Make sure the pet has proper identification on it, such as a collar with ID tags that include the owner’s name and phone number. Microchip identification is highly recommended.

 

It is not just dogs and cats that need to have ID and documents on hand. Birds, small mammals and reptiles should have photos and medical records in an emergency preparedness kit, too. 

 

As for birds, during evacuation they should be carried in a covered cage to minimize their stress. This also will help keep the birds warm – it is common for the temperature to drop quickly during a storm. 

 

“In the event you have to evacuate your home, be sure you have identified a safe place to go, and remember Red Cross disaster shelters can’t accept pets.
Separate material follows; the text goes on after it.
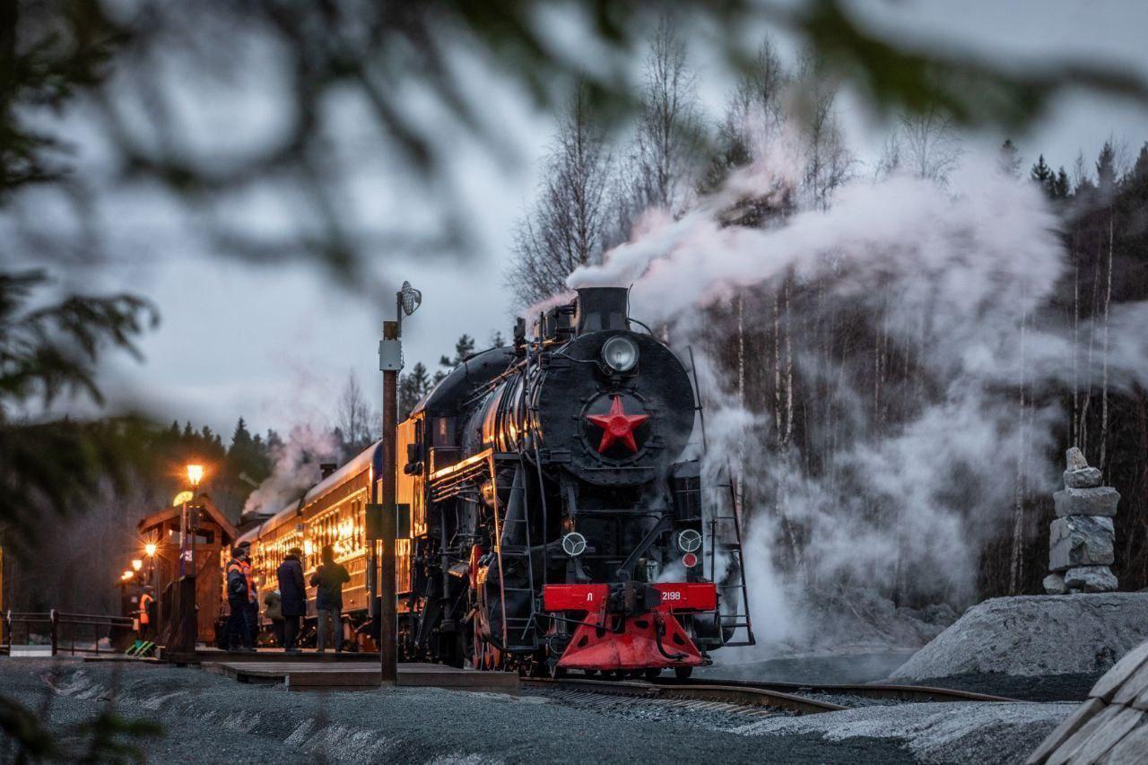 «Рускеальский экспресс» пользуется популярностью. Около 150 тысяч пассажиров перевез ретропоезд в январе-октябре, сообщили в Telegram-канале Октябрьской железной дороги.

Check around in your area at different shelters and inquire about pet acceptance,” she said. “If a shelter isn’t available and you need to stay in a hotel for a few days, keep a list of nearby hotels that will allow pets. Other emergency shelter options for pets include a boarding facility or the home of friends or family who were not affected by the storm.”

 

Biggs said pets may react to changes in their environment and stressful situations by trying to run away or hide. In the process, they might bite or scratch their owners or anyone else trying to help them. Always keep pets under control with a leash or in a carrier while you are evacuating and at your safe place, especially if it is a public location.

 

“Pets are part of the family and rely on their owners to take care of them and keep them safe,” Biggs said.